# MacOS 9.04 : Finder quitte innopinément



## Membre supprimé 2 (3 Mai 2000)

J'ai installé MacOs 9.04 sur mon iMac DV SE et depuis le Finder quitte à l'ouverture du bureau et me laisse une fenêtre m'indiquant qu'il a du quitter innopinément. Ce n'est pas bien grave car le Finder reprend place aussitôt et cela n'affecte en rien la suite mais j'aurais voulu connaître la raison de ce plantage bizarre...
Merci d'avance
Gil


----------



## Membre supprimé 2 (3 Mai 2000)

Il s'agit d'un simple conflit d'extension sans réels problèmes.
La démarche à suivre et d'utiliser le gestionnaire d'extension et de le paramétrer avec Mac OS 9.0.4 de base, puis complet et ensuite il faut remettre les extensions une par une... Bon courage!

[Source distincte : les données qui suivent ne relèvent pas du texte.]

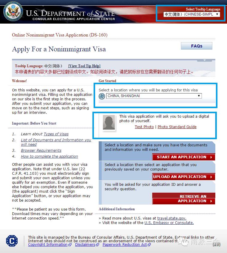 ①填写DS-160 https://ceac.state.gov/GenNIV/Default.aspx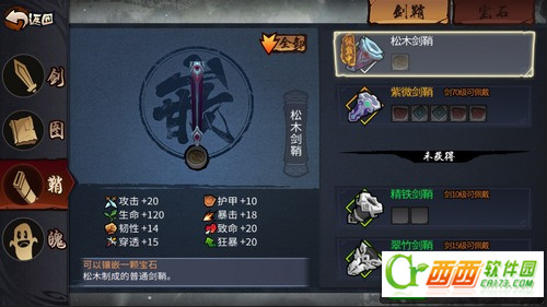 除了剑之外,还能够收集不同的剑鞘,这些剑鞘除了外形和属性的区别之外,还能够最多镶嵌5颗宝石,当然啦,玩家可以耗费少量的资源来重置剑鞘上宝石镶孔的数量和种类~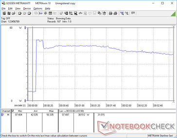 Het stroomverbruik in ruststand is hoger dan op de meeste andere laptops met geïntegreerde GPU's vanwege de hoge 120 Hz verversingsfrequentie en het OLED-paneel van onze Acer-configuratie, waarvan bekend is dat ze meer stroom verbruiken dan de gebruikelijke 60 Hz IPS. Het weergeven van een volledig wit beeld bij 120 Hz zou maar liefst 19 W verbruiken, vergeleken met minder dan de helft op de Framework Laptop 13.5.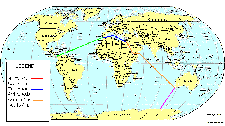 I had Mr. Sala start in the middle of the Panama Canal. That way he could be in North America and South America at the same time. That's the same reason I had him go through the Suez Canal. I chose this path for Mr. Sala's kayak trip: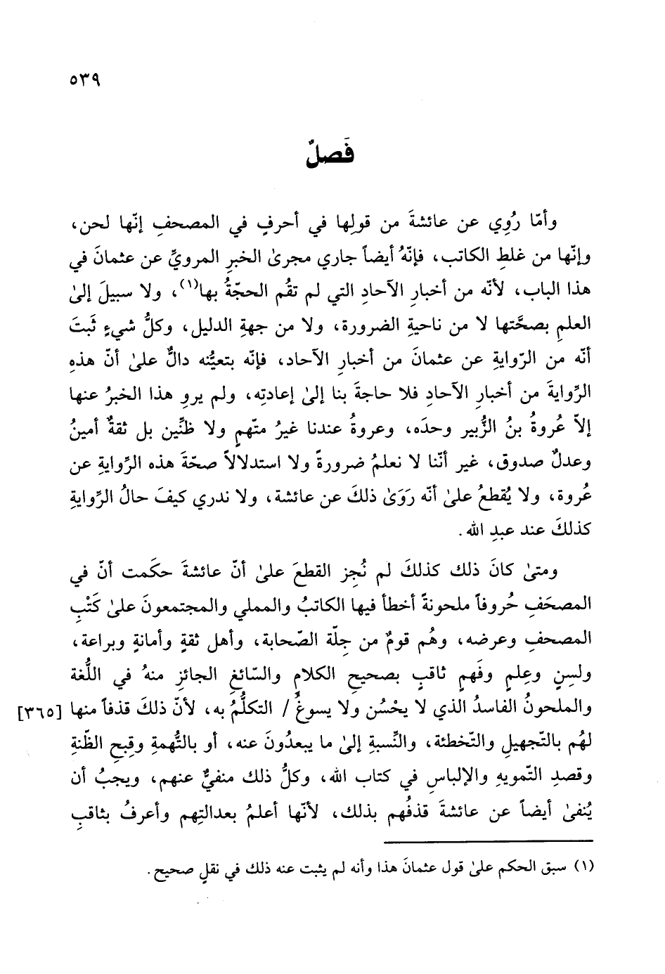 وأمَّا رُوِي عن عائشةَ من قولها في أحرفٍ في المصحفِ إنها لحن.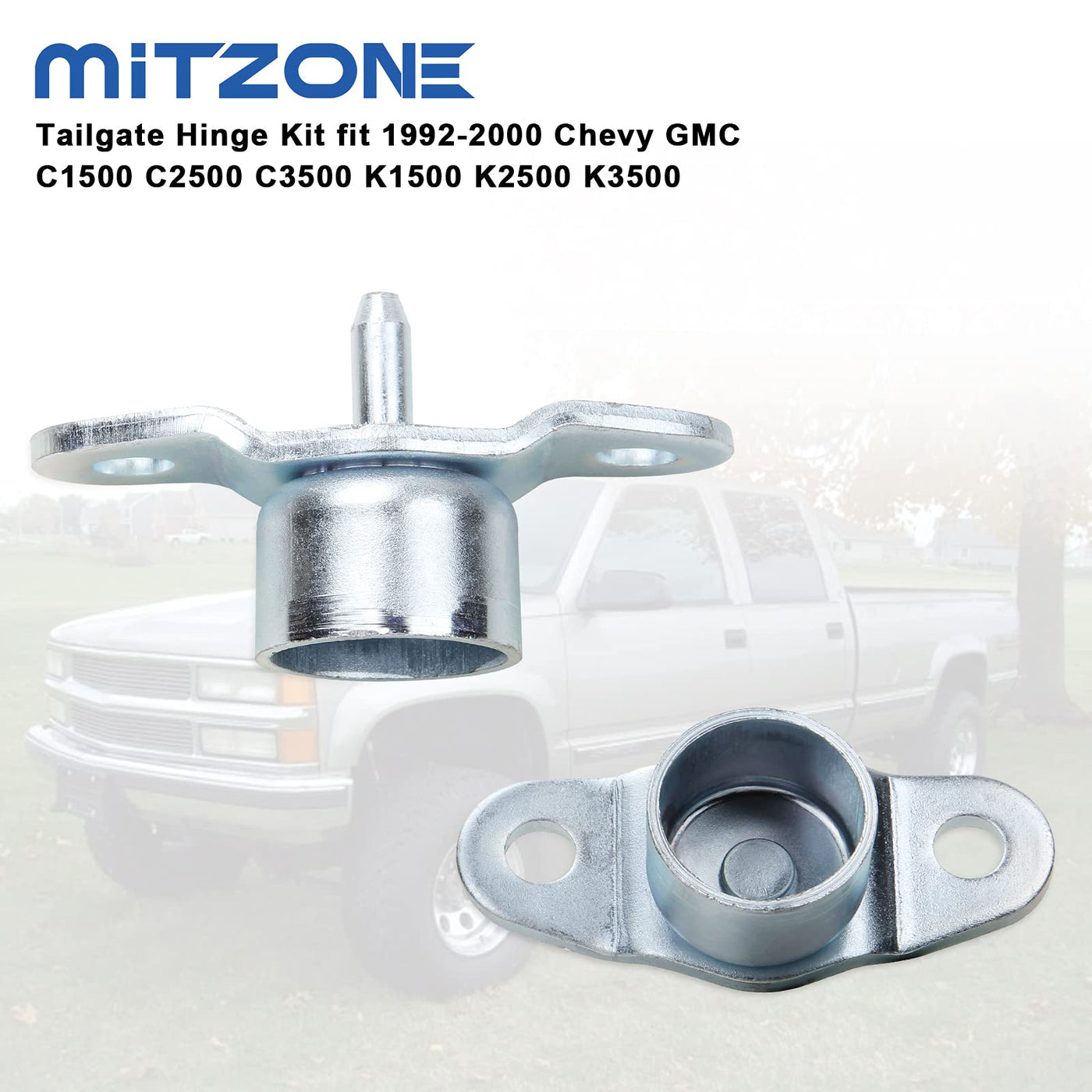 Q: What vehicles are compatible with the MITZONE Tailgate Hinge Kit?A: The MITZONE Tailgate Hinge Kit is compatible with various Chevy and GMC models including the 1992-1999 Chevy GMC C1500, 1992-2000 Chevy GMC C2500, 1992-2000 Chevy GMC C3500, 1992-2000 Chevy GMC K2500, and 1992-2000 Chevy GMC K3500. Ensure to check your vehicle's specific model and year before purchasing.

En ce qui me concerne le problème venait d'Open GL... je l'avais mis à jour depuis mon installation OS 9 et il semble que la maj OS 9.0.4 ne l'ait pas reconnu...

------------------


----------



## Membre supprimé 2 (6 Mai 2000)

je confirme... j'ai eu exactement le même problème suite à la mise à jour MACOS9.0.4. Après avoir supprimé les extensions ATI introduites par la MAJ OPENGL 1.2 tout est rentré dans l'ordre


----------